BEGIN
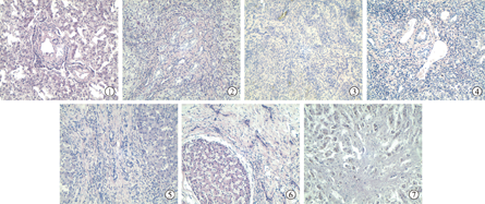 0-3级门管区呈倍数增宽,P-P区增宽显著,界板从清晰、可见逐渐模糊坏死,4-6级门管区、界板消失,肝内主要变化为假小叶形成、增多及间质纤维组织弥漫,炎细胞逐渐减少,纤维细胞从幼稚型转向向成熟型直至形成大量瘢痕(图1,图2,图3,图4,图5,图6,图7)。
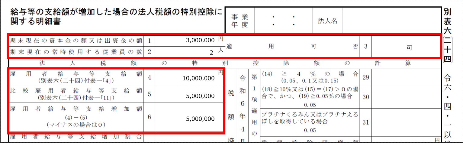 4・5欄は上記別表六(二十四)付表一の金額をそれぞれ転記します。6欄で給与の増加額を差額で求めます。
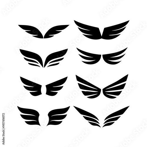 Black wings icon set. Wings icons. Collection badges of wings. Vector illustration.Set of wings icons. Collection wings badges. Vector illustration.Silhouette Vector Black. with white background
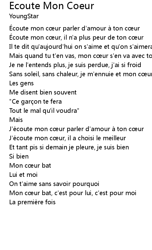 | [01:35.645] | J'e coute mon c ur parler d' amour a ton c ur |
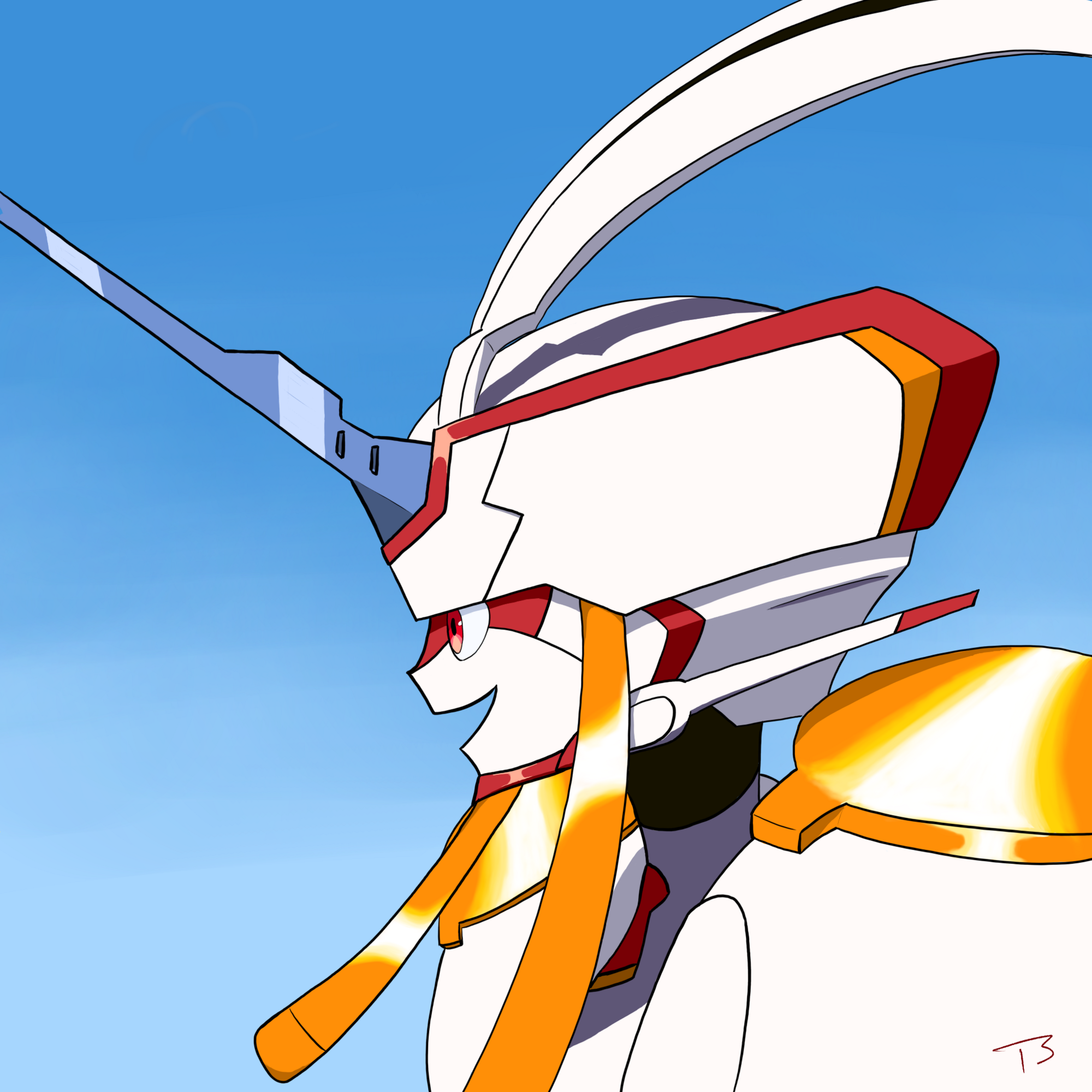 Bonjour à tous ! Allez je me lance dans le postage (postation ? postement ?) de réalisations personnelles, en commençant par un petit artwork basé sur le Mecha STRELIZIA de la série Darling In The FRANXX ; extrait d'un crayonné fait en convention, je voulais un logo discord à la base, mais je le mets un peu partout au final ^^
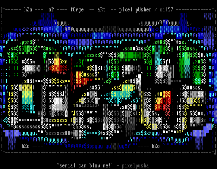 ------ h2o --- oP ---- fOrge -- aRt -- pIxel pUsher / oil97 -------------, : ,yyYyyyy, ,yyyyyyYYyyyy, : ,yyyyyyyyyyyyyyyyyyyyyyyyyYyYYy:y:,pp ,s@ss,: ,sSss, ,ssss ss,,, ,sssSS :,
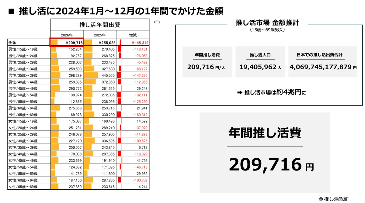 調査結果によると、推し活を行う人々の年間平均支出は209,716円とされ、前年の255,035円から若干の低下をしました。このことから、市場全体の拡大は続いているものの、個々の参加者の出費には幅があることが明らかになりました。中央値は4万円で、支出の高低が顕著です。
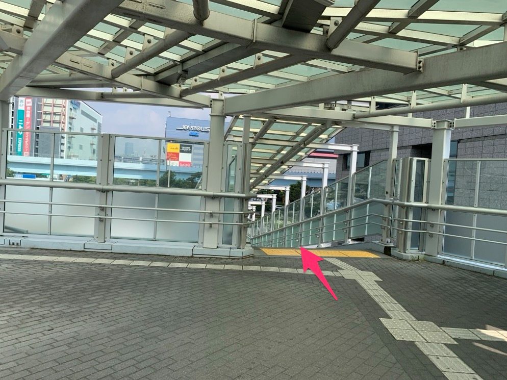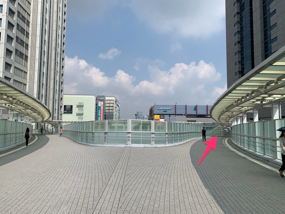 陸橋の階段を上って、歩道橋を渡ってください。
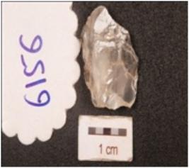 | Description / विवरण | Flake made on quartz with flake scars on the surface, irregular surface. |
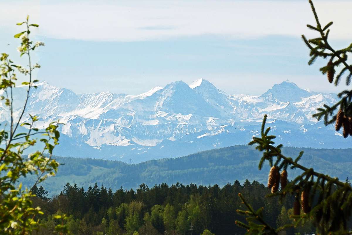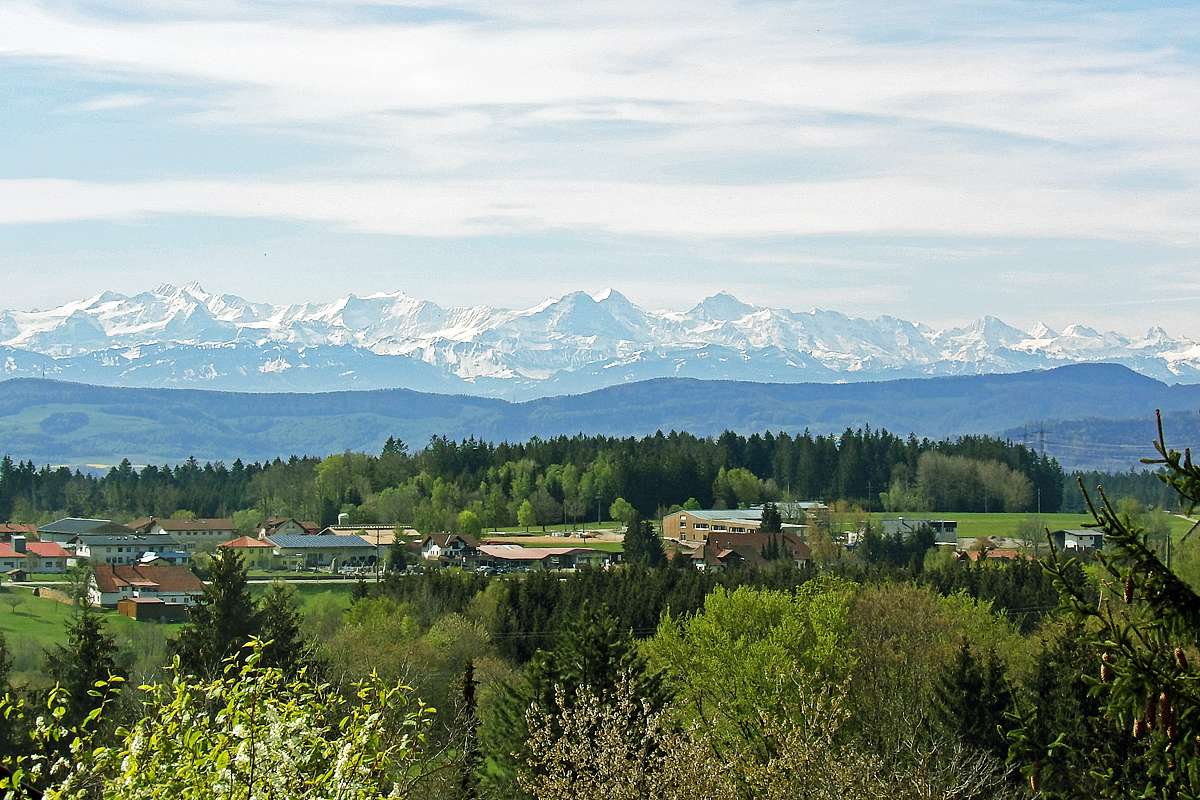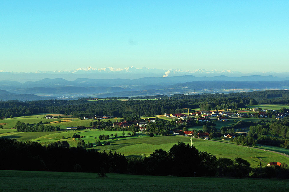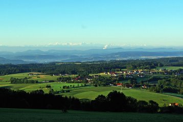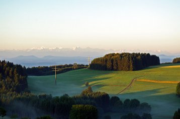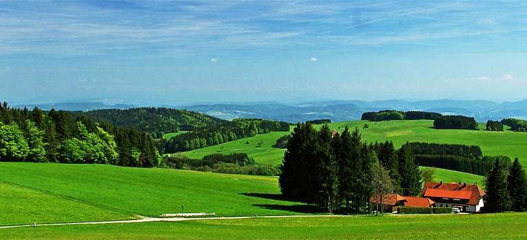 Herrliche Aussichten über sanfte Hügel & wildromantische Täler und - je nach Wetterlage - auf ein beeindruckendes Alpenpanorama.
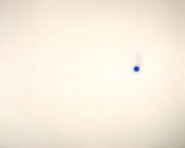 Editor: Here we have Maria Magdalena Campos-Pons' "Elevata, Row 2, column 4" from the Harvard Art Museums. It's mostly pale blue and white, with a single darker blue shape. It's so minimal, almost ethereal. What do you make of it? Curator: The solitary blue form, adrift in that pale expanse, recalls potent symbols of hope or even a seed of potential. Given Campos-Pons' focus on memory and identity, could this evoke a moment or a longing? Editor: A longing? Maybe for home? I see a vast sky, and that blue shape almost looks like a falling tear. Curator: Precisely! Tears are ancient symbols of grief, healing, and even purification. Campos-Pons often explores themes of displacement and resilience. Might this image be a meditation on those concepts? Editor: I never would have considered that. Thinking of it as a symbol, it really opens it up. Curator: Indeed. Art invites us to connect with symbols across time and culture, revealing layers of meaning within the simplest forms. Editor: I’ll definitely look at art differently from now on. Thanks!
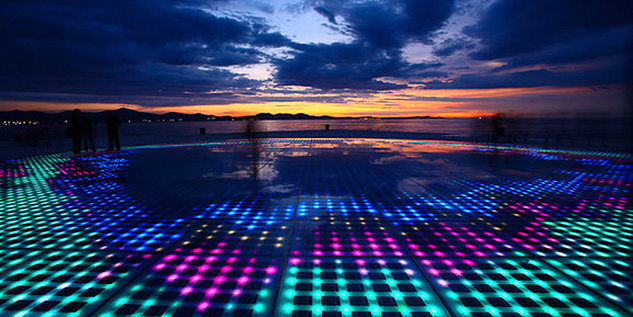 "The monument of the Sun" or "Greetings to the Sun" (Croatian: "Spomenik suncu" or "Pozdrav suncu"), probably the most beautiful monument dedicated to the Sun that exists on the Earth, is a symbolic urban installation which, by means of photovoltaic cells built-in sea walkway, changes solar energy into lighting spectacle.
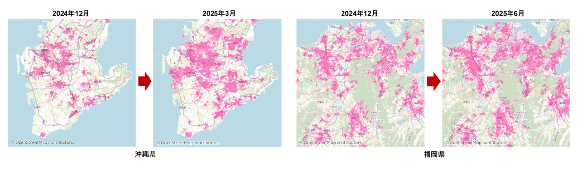 さらに、2025年3月には5G Sub6の基地局においてOpen RAN対応の富士通製無線装置を採用しエリア拡大を加速するといった発表が行われました。2025年7月時点でも九州・沖縄、四国、中国地方における対象地域の5G(Sub6)エリアを最大2.0倍にまで拡大しており、今後もさらなる発展が期待されます。
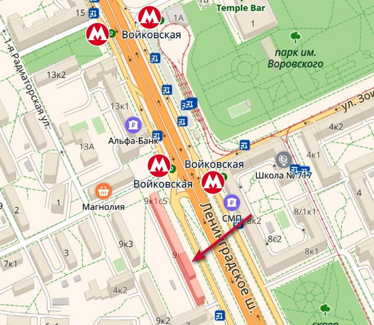 Первая линия шоссе по направлению в центр и отличная видимость с дороги формируют автомобильный трафик. Бесплатная городская парковка в пешей доступности от помещения (в 1-ом и 2-ом Войковском пр. и во дворе дома).
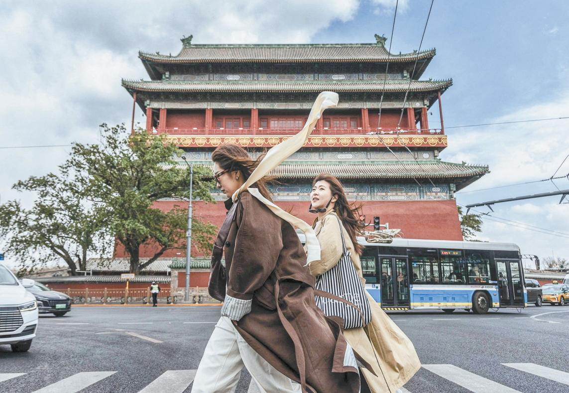 4月12日,游人在大风中从北京鼓楼前经过。李 昊摄
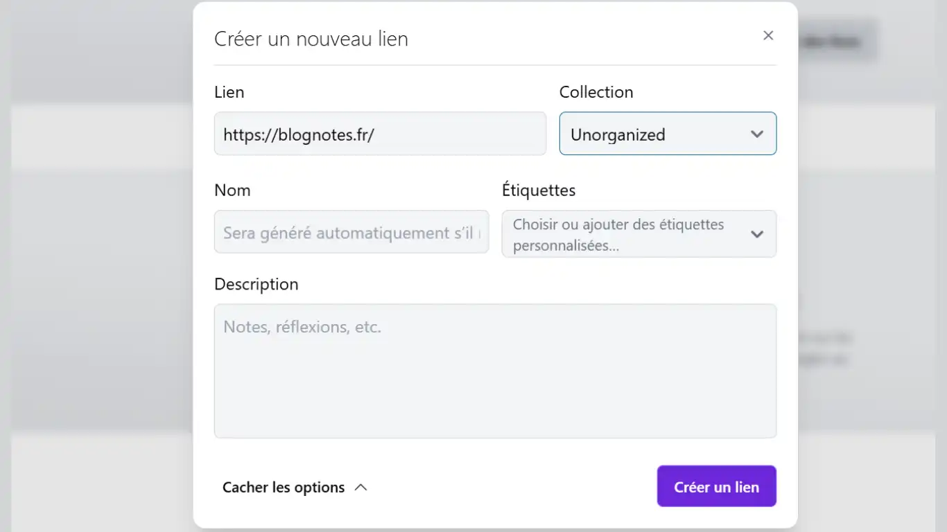 Ajoutez une URL d'un site (icône + en haut à droite), organisez vos collections thématiques, ajoutez des étiquettes, un descriptif ...
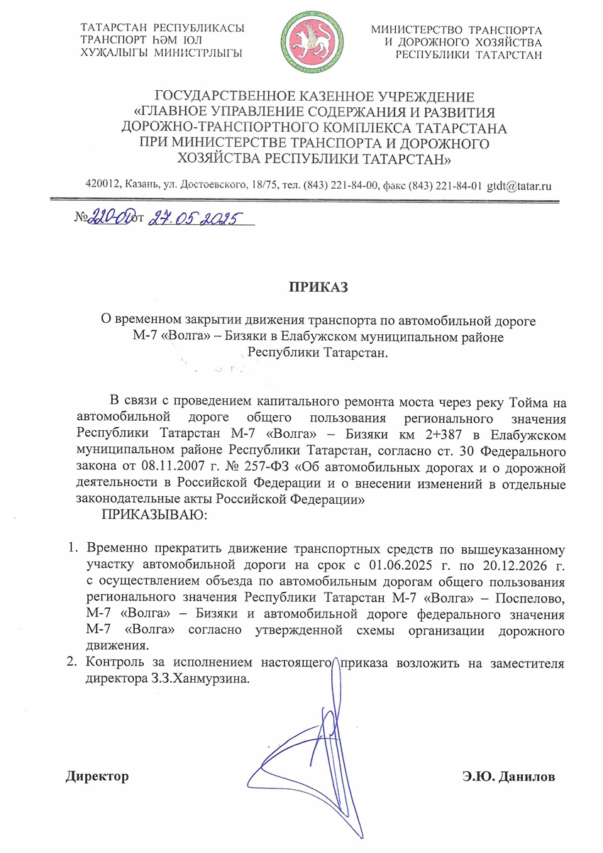 О временном закрытии движения транспорта по автомобильной дороге М-7 «Волга» – Бизяки
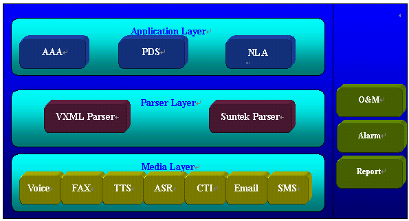 Layer提供具體的操作,主要是管理語(yǔ)音、傳真、IP等資源,對(duì)Browser Layer屏蔽掉硬件的區(qū)別,提供統(tǒng)一的接口,以插件的形式提供各種功能。在它們之外還有配置管理、維護(hù)監(jiān)控、告警管理、統(tǒng)計(jì)報(bào)表等。應(yīng)用服務(wù)器部分包括外呼管理、數(shù)據(jù)庫(kù)中間件,傳真網(wǎng)關(guān)、自然語(yǔ)音理解引擎等。具體的結(jié)構(gòu)見下圖:
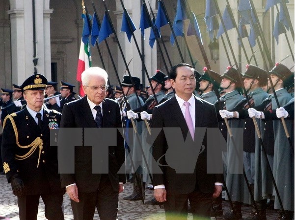 Chủ tịch nước Trần Đại Quang đánh giá quan hệ Việt Nam-Italy đang phát triển rất tốt đẹp, nhất là kể từ khi hai nước ký Tuyên bố chung về Đối tác chiến lược tháng 1/2013. Italy hiện là một trong những đối tác thương mại châu Âu lớn của Việt Nam với tổng kim ngạch tăng nhanh, từ 3,4 tỷ USD năm 2013 lên 4,3 tỷ USD năm 2015; Việt Nam là đối tác thương mại lớn nhất của Italy trong số các nước Hiệp hội các quốc gia Đông Nam Á (ASEAN).
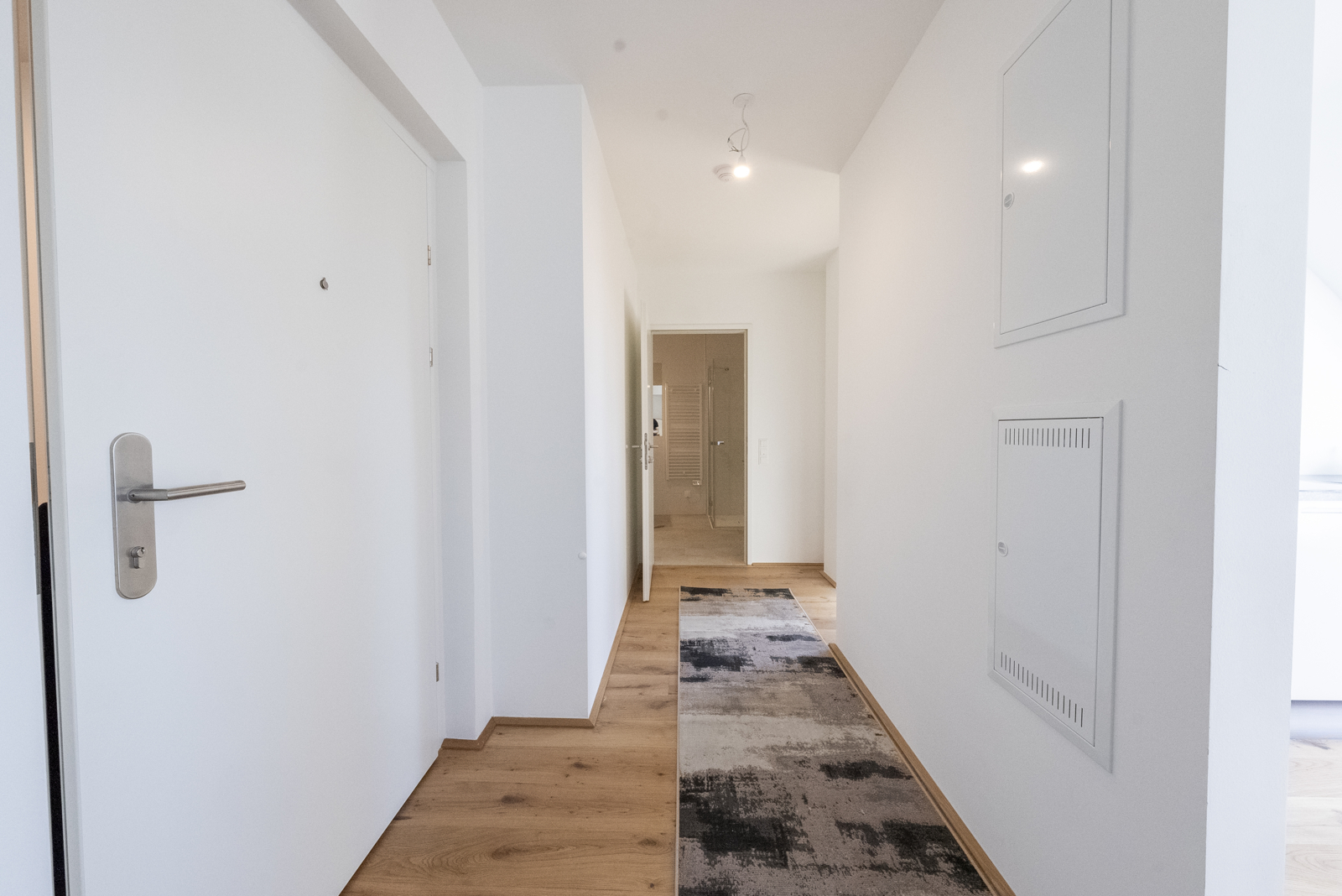 - Eichenparkett Boden und hochwertiges Feinsteinzeug
END
◆ **WHAT NEEDS TO BE DONE**: Quote only what lies between the first line of the records and the line containing "a ton c ur |", please, including both lines and excluding images.

◆ **RESULT FOR THIS TASK**:
 0-3级门管区呈倍数增宽,P-P区增宽显著,界板从清晰、可见逐渐模糊坏死,4-6级门管区、界板消失,肝内主要变化为假小叶形成、增多及间质纤维组织弥漫,炎细胞逐渐减少,纤维细胞从幼稚型转向向成熟型直至形成大量瘢痕(图1,图2,图3,图4,图5,图6,图7)。
 4・5欄は上記別表六(二十四)付表一の金額をそれぞれ転記します。6欄で給与の増加額を差額で求めます。
 Black wings icon set. Wings icons. Collection badges of wings. Vector illustration.Set of wings icons. Collection wings badges. Vector illustration.Silhouette Vector Black. with white background
 | [01:35.645] | J'e coute mon c ur parler d' amour a ton c ur |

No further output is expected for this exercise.